Background Clinical practice guidelines (CPG’s) are predominantly based on randomised controlled trials (RCT’s). However, the number of published observational, non-randomised trials is high and yet, the information they contain is often excluded while compiling CPG’s.
Objectives We compared randomised and observational clinical treatment trials, published within one year, using multiple sclerosis (MS) as a model. The aim was to find out whether valuable information for CPG’s can be discovered by using observational studies.
Methods We collected all publications of MS treatment in Medline during year 2012, using Scottish Intercollegiate Guidelines Network (SIGN) search filtres for randomised and observational trials for making a systematic literature review. The clinical drug trials on adults with MS, published in English were included. Case reports and symptomatic treatment trials were excluded.
Results A total of 24 RCT’s and 45 observational trials were found. The median number of participants in RCT’s was 430 (range 66 to 2244) and in observational trials 118 (range 5 to 22255).
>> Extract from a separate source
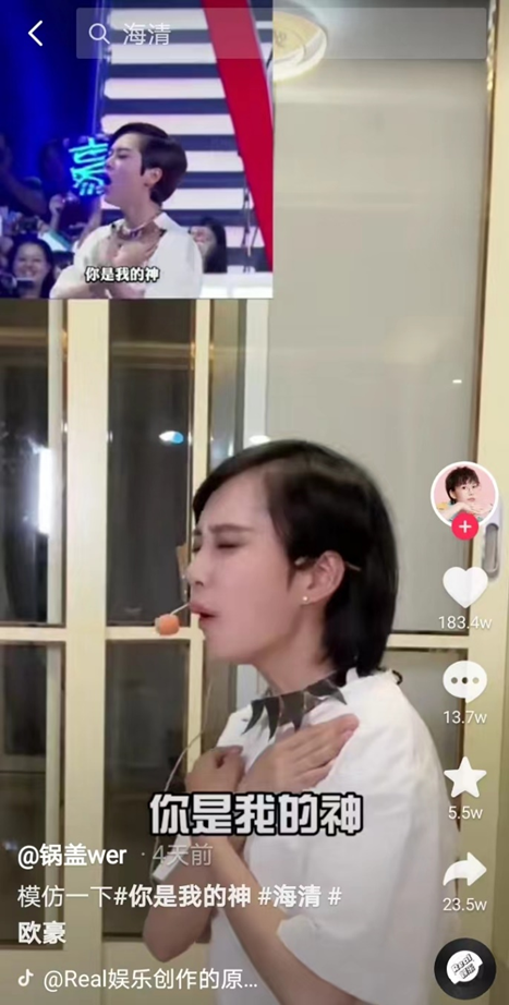 短短几天,带话题词你是我的神的相关视频,已经在抖音累计获得4.5亿次播放;B站的模仿赛同样火热,制造出若干百万播放的二创视频。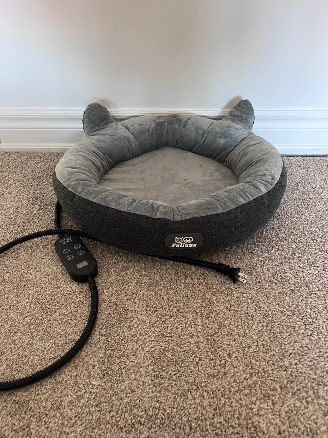 This is a Fuliana brand heated pet bed in grey. It features adjustable temperature control. Plush, soft material for comfort, never used! Great for foster kittens, or elderly cats that need extra heat :)

Twenty RCT’s were efficacy trials, 2 evaluated health economics and one each safety and pharmacology. Twenty-eight observational trials had efficacy as a primary end-point, 10 addressed safety, 5 treatment adherence and one each pharmacology and health economics.
Discussion Most trials addressing safety or compliance issues were observational, therefore important safety and adherence data could be lost by omitting them.
Implications for Guideline Developers/Users Observational trials should be considered while compiling CPG’s.
Statistics from Altmetric.com
If you wish to reuse any or all of this article please use the link below which will take you to the Copyright Clearance Center’s RightsLink service. You will be able to get a quick price and instant permission to reuse the content in many different ways.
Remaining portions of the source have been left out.